After Martin's message, I've decided it's high time to write this.
I believe the Unicode Consortium needs to define some reserved characters
for *script* tagging, at least for CJK. I believe that though true language
tags have other purposes which may be useful, distinguishing CJK is the one
important thing that is needed in international plain text, and ACAP could
probably get away with just that.
Let me tell a little story:
As you may know, I am working on the internationalization of Eudora (among
other things) on the Macintosh. Let us start with the following working
assumptions:
1. The Macintosh WorldScript Manager gives me the ability to let the user
edit multiple-script plain text. Though encoded at the low-level using font
information on the Mac, there is a way to specify "default font for this
script", thus leaving me with multi-script runs of plain text. There is no
style information other than the script tag.
2. The script information is important to the user, not for display in the
"appropriate" font (which is nice, but not completely vital), but as an
absolute requirement to choose the correct input methods. It would be
unacceptable to have the user edit Japanese text using a Chinese input
method. On the Macintosh, you can have Japanese and Chinese input methods
installed at the same time, and the UI automatically chooses which one to
use based on the script of the text. (Remember, the script of the text was
predetermined by either what input method the user chose to type it in
originally, or from some external information).
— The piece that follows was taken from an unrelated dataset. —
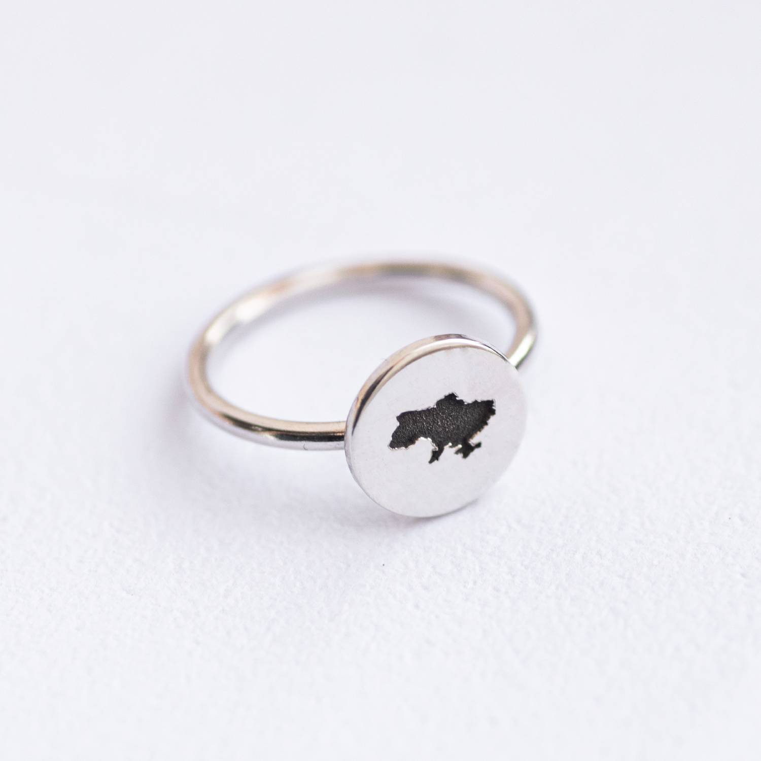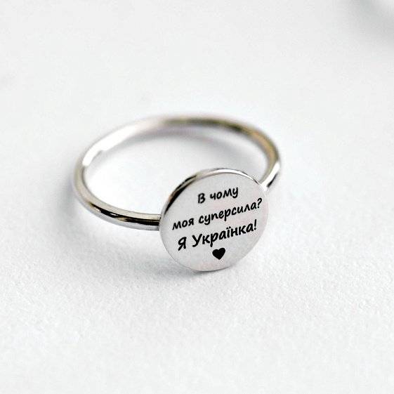 В ассортименте бренда – минималистические украшения с украинской символикой: кольцо «Моя Україна», жетоны «Бандера-смузі», «Квітуча Україна» и серьги с гравировками.

3. Eudora has several fields that allow both display and editing of
multi-script plain text. This includes message Subject: fields, the real
name portion of message address fields (which appear not only in messages,
but in Address Book entries), the Search Criteria line in the Find dialog,
as well as some other editable dialog items. (Note that because such text
can occur in Address Books and other settings fields, it means it can also
occur in ACAP.)
DO NOT START WITH THE SILLINESS AT THIS POINT THAT NO ONE WILL USE THIS
FUNCTIONALITY. THE MACINTOSH UI ALLOWS USERS TO EDIT THESE THINGS; I HAVE
TO DEAL WITH IT IN MY CODE. SAYING THAT IT WILL NOT GET MUCH (IF ANY) USE
DOES NOT MAKE THE PROBLEM GO AWAY.
4. The Macintosh also provides me with a Unicode converter. It is able to
translate from Macintosh script runs (as well as all of the Internet
encodings like 2022-JP and 8859-x) to Unicode, and convert from Unicode
back to script runs.
OK, so where does that leave me: I want to use something as my storage
format so that I can have multi-script plain text without having to store
external script information or complex inline script information. Storing
external script information is too burdensome; keeping track of extra files
and/or data structures for simple strings of text is an unreasonable hit,
and would require a redesign of certain parts of Eudora. Complex inline
tagging (be it MIME character set tagging or HTML-like tagging) requires
that I strip this stuff as I display it, I'll have to deal with escape
sequences of some sort (for the "<" or "=" characters or otherwise) and it
increases storage requirements by a huge factor in, for example, the list
of subjects in a mailbox (which might all have to be tagged). The best
solution is clearly Unicode.
Only I've got a problem with Unicode: CJK distinction. When I convert to
Unicode, no other important information is lost for my UI except the CJK
distinction. All other information is either preserved roundtrip, or is
unimportant to the user in order to edit multi-script plain text in the
correct input method. But the loss of the CJK distinction is unacceptable.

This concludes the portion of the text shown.